The new man takes over an organisation that cries out for reform from top to bottom, a disjointed structure without integration of its many parts, top heavy with administrative bureaucracy, and with layer after layer of management so overlapping as to make individual accountability count for nothing. Small wonder, then, with a staff of 100,000 and a budget of €16 billion, that Mr Reid’s predecessor should have referred to the organisation as ‘an amorphous blob that nobody fully understands’.
Reid inherits a myriad of problems, but arguably none more urgent than that of keeping elderly people in their own homes and away from long-term nursing-home care or, worse still, from acute hospitals. It is an objective, however, for which the Government appears not to have the political will, or the HSE itself the required resources. With an ageing population, more and more people are waiting to be provided with home-help services which, in reality, are no longer available.
The rationale behind keeping elderly people in their own homes and communities has long been accepted as a given. Older people enjoy better health and a far superior quality of life when they are helped to live in their homes and close to their neighbours.

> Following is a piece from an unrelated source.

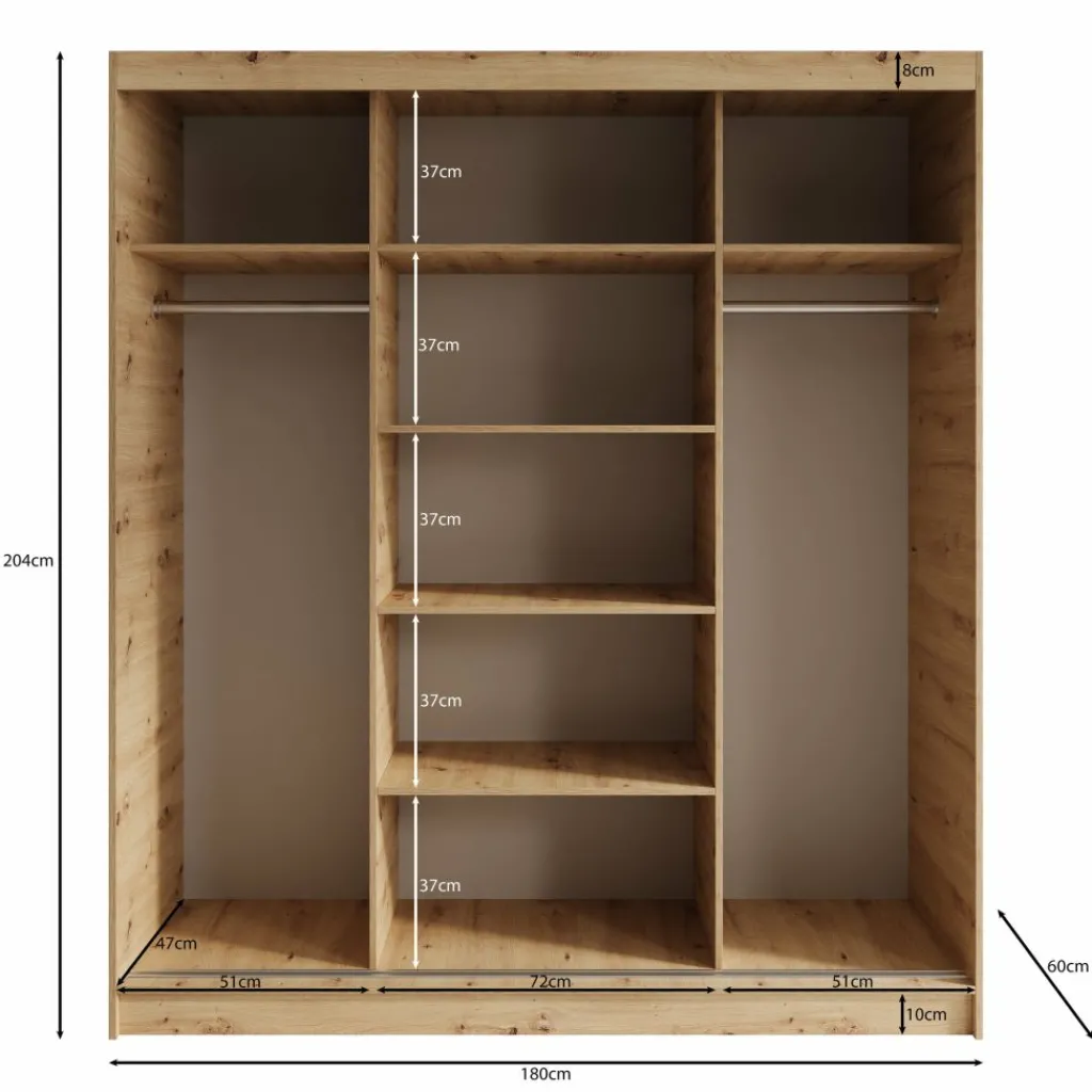 Dankzij de drie soepel schuivende deuren blijft de kast gemakkelijk toegankelijk, zelfs in kleinere ruimtes. Met een royale breedte van 180 cm biedt Elles volop opbergruimte voor kleding, schoenen en accessoires. De slimme indeling met legplanken en een kledingroede helpt je alles overzichtelijk en netjes op te bergen.
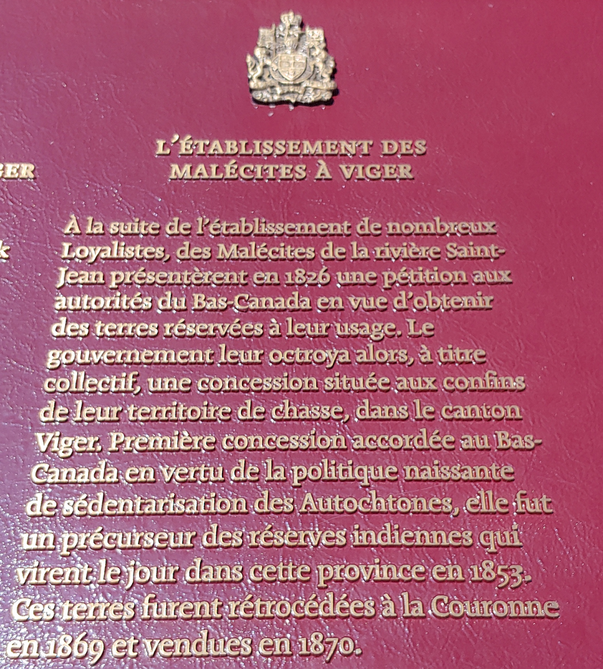 Document à la mémoire du soldat Roland Thériault (8,1 Mo) La commission des lieux et monuments historiques du Canada et Parcs Canada ont également érigé une plaque commémorative qui relate l’établissement des Malécites dans le canton Viger.

Home living is a win-win situation both on social grounds and by any monetary criteria, since providing home help to the elderly is vastly less expensive than the alternative of paying for nursing-home care. It is one of the all too rare issues where compassion and cost-effectiveness share common ground and where society is the winner.

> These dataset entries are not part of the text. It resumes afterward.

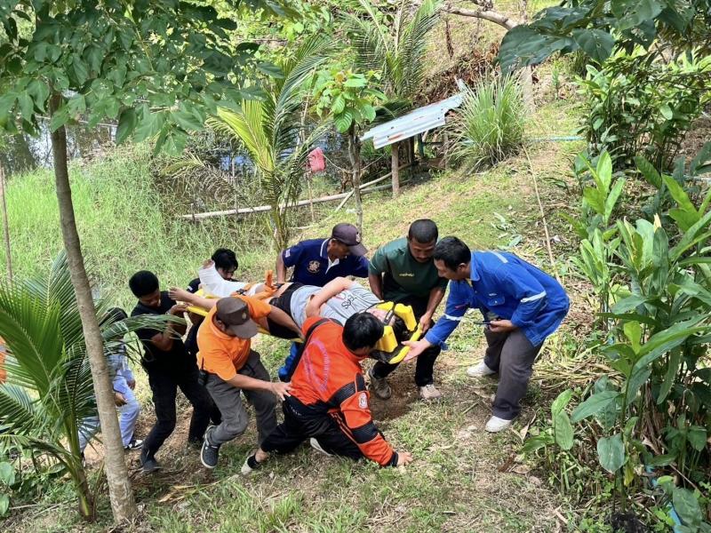 เทศบาลตำบลทับมา ลงพื้นที่ช่วยเหลือผู้ประสบเหตุพลัดตกบ่อน้ำ หมู่ 7 บ้านเขาโบสถ์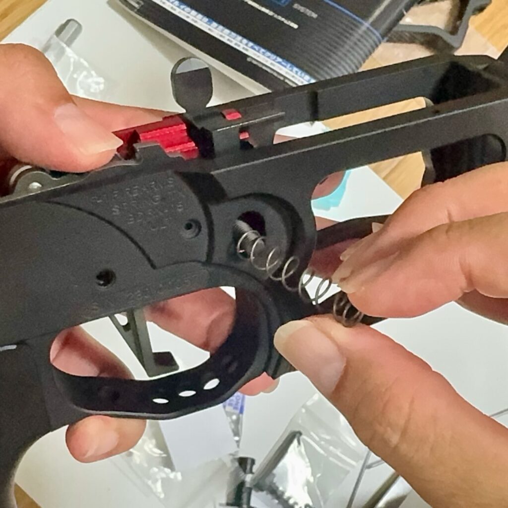 スプリングを指で軽く押さえてロックピンがテイクダウンピンの溝にハマっていい具合にカチッカチッと抜き差しできることを確認。エンドプレートを取り付けるまではスプリングを押さえておくものがないのでピンとバネがどっかに飛んでいかないように注意。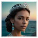 Um retrato digital ultra realista de uma jovem em três quartos, iluminado por uma iluminação muito quente e legal. Ela veste uma elaborada joia de prata polida, inspirada no oceano, adornada com turquesa, aquamarina e aglomerados de pedra lunar, incluindo uma tiara, brincos longos e um colar em camadas. Seu vestido lacrimogêneo se harmoniza com o crepúsculo suave e desfocado no fundo, criando uma elegância litorânea serena e luxuosa.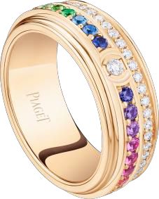 Possession ring in 18K rose gold set with 48 brilliant-cut diamonds (approx. 0.35 ct), 7 sapphires (approx. 0.18 ct), 6 yellow sapphires (approx. 0.16 ct), 6 green tsavorites (approx. 0.12 ct), 4 orange sapphires (approx. 0.10 ct), 4 pink sapphires (approx. 0.10 ct), 4 purple sapphires (approx. 0.10 ct), 2 pink rubies (approx. 0.05 ct) and a Possession-set brilliant-cut diamond (approx. 0.03 ct).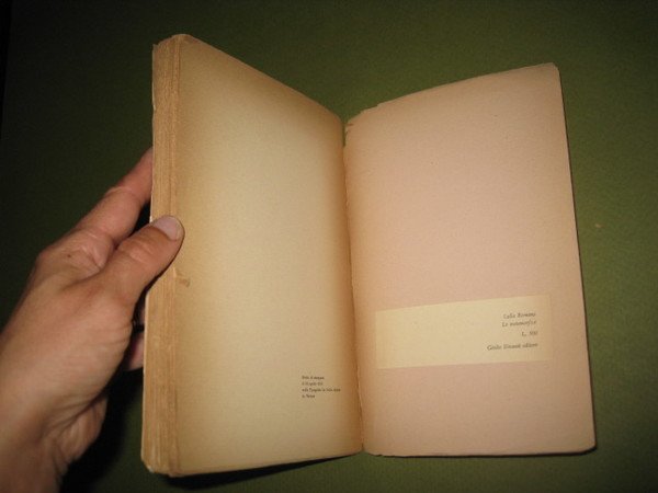 In-16° (19.5x13 cm), pp.189, (3), brossura editoriale rosa antico, titoli a due colori al dorso e al piatto anteriore. I Gettoni, 2. Segni del tempo e d'uso alla brossura (minimi difetti alle cuffie, macchioline al piatto anteriore). Ex libris sotto forma di timbro al frontespizio, pagine con lievi bruniture marginali. Più che discreto esemplare protetto da velina. Non comune prima edizione. Si tratta del secondo libro della Romano ma il primo di narrativa. Spaducci, p. 249. Gambetti-Vezzosi, p. 779: 'Non comune e abbastanza ricercato'.

And yet, all too often, the HSE fails to see the obvious connect between these two complementary objectives. A consultant at Sligo University Hospital recently reported that an elderly patient, ready for discharge, had been retained in his hospital bed for 70 days simply because the HSE did not have the arrangements in place to support him at home. When he was eventually discharged, the critical tipping point of recovery had come and gone. The patient was just beyond the stage of semi-independent home living and, within a couple of weeks, had to be admitted permanently to a nursing home.
The demands of an ageing population are sharply diverging from what the resources can offer. With 6,000 people now waiting to be provided with home-support services, and ever tighter budgetary constraints, there will come the inevitable grasping of the nettle and a recommendation to start charging for home help services. But whether any government would be prepared to take the electoral risk of such a decision would be another story entirely.

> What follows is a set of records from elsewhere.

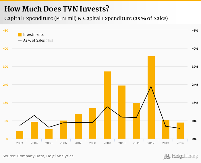 TVN invested a total of PLN 72.1 mil in 2014, down 14.3% compared to the previous year. Historically, between 2003 - 2014, the company's investments stood at a high of PLN 366 mil in 2012 and a low of PLN 34.0 mil in 2003.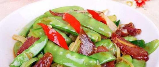 7.炒至臘肉出油,肥肉變透明時入荷蘭豆翻炒。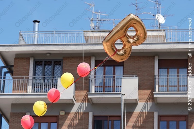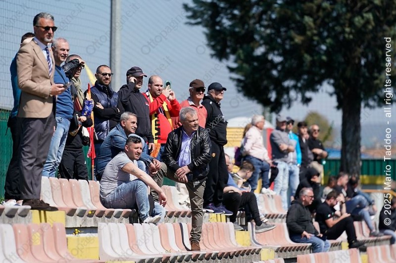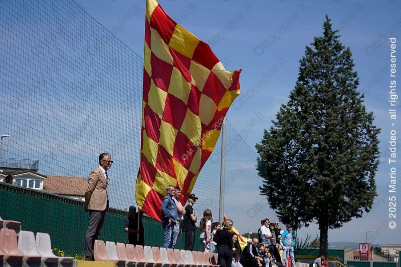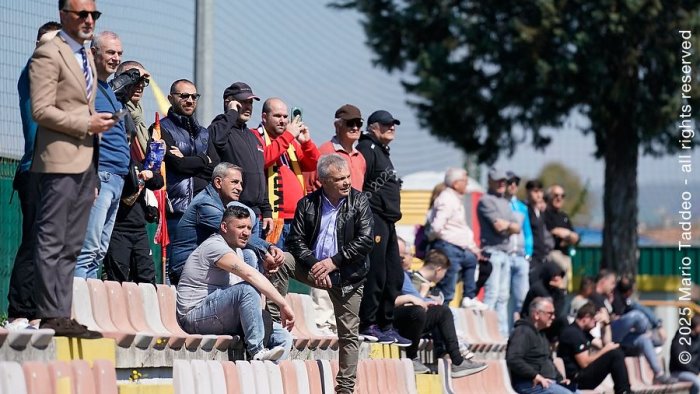 Nel gruppo dei giallorossi risaltano le chiome bionde. Non quella naturale di Mignani, come sempre sul pezzo e concentratissimo, ma quelle di Lamesta, di Kouan, di Salvemini. Capigliature “sacrificate” ad una promozione storica e ottenuta con ben tre settimane di vantaggio. Il biondo dei loro capelli fa tanto “pendant” col sole che splende sull'Imbriani. Anche questo è un colore della festa.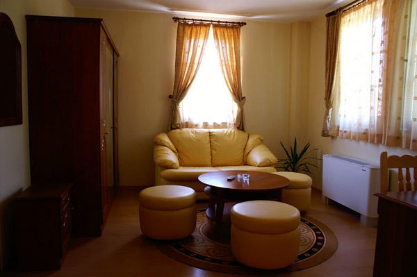 The three-star hotel "Izgrev" has 8 luxurious rooms. All of the have own bathrooms , bathtub or shower , local heating system and TV. The rooms are not identical , each room has its own style and different furniture, colours of the walls , damasks , curtains etc.
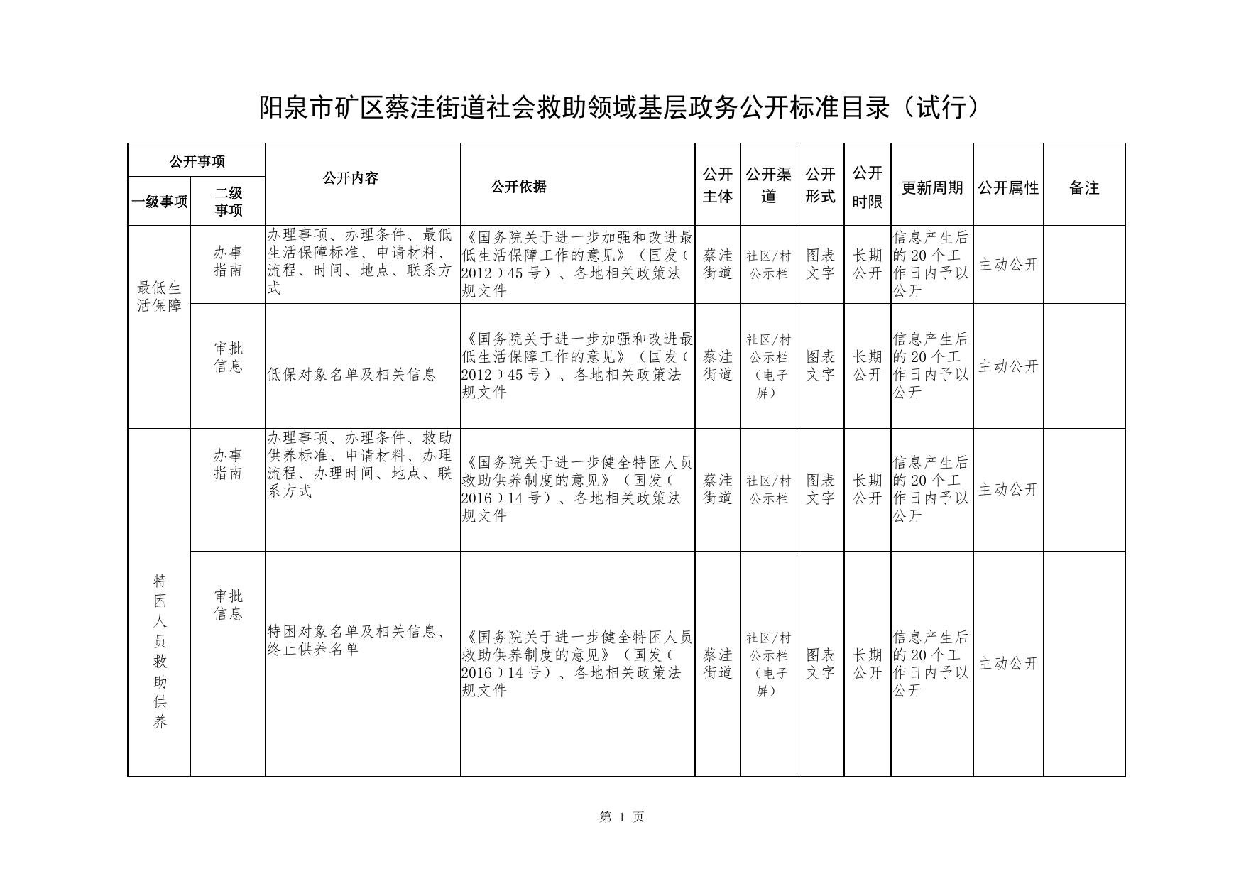 阳泉市矿区蔡洼街道社会救助领域基层政务公开标准目录.doc

The new head of the HSE finds himself faced with an unenviable task. With the Government growing increasingly impatient with the annual over spending of the health budget, he must choose between cutting his cloth according to measure, or else exacting greater efficiencies out of his bloated beast of burden.
And while the latter might present itself as the obvious option, he will be confronted with entrenched interests, an established pecking order of rights and privileges, and staff morale which hovers not far above zero.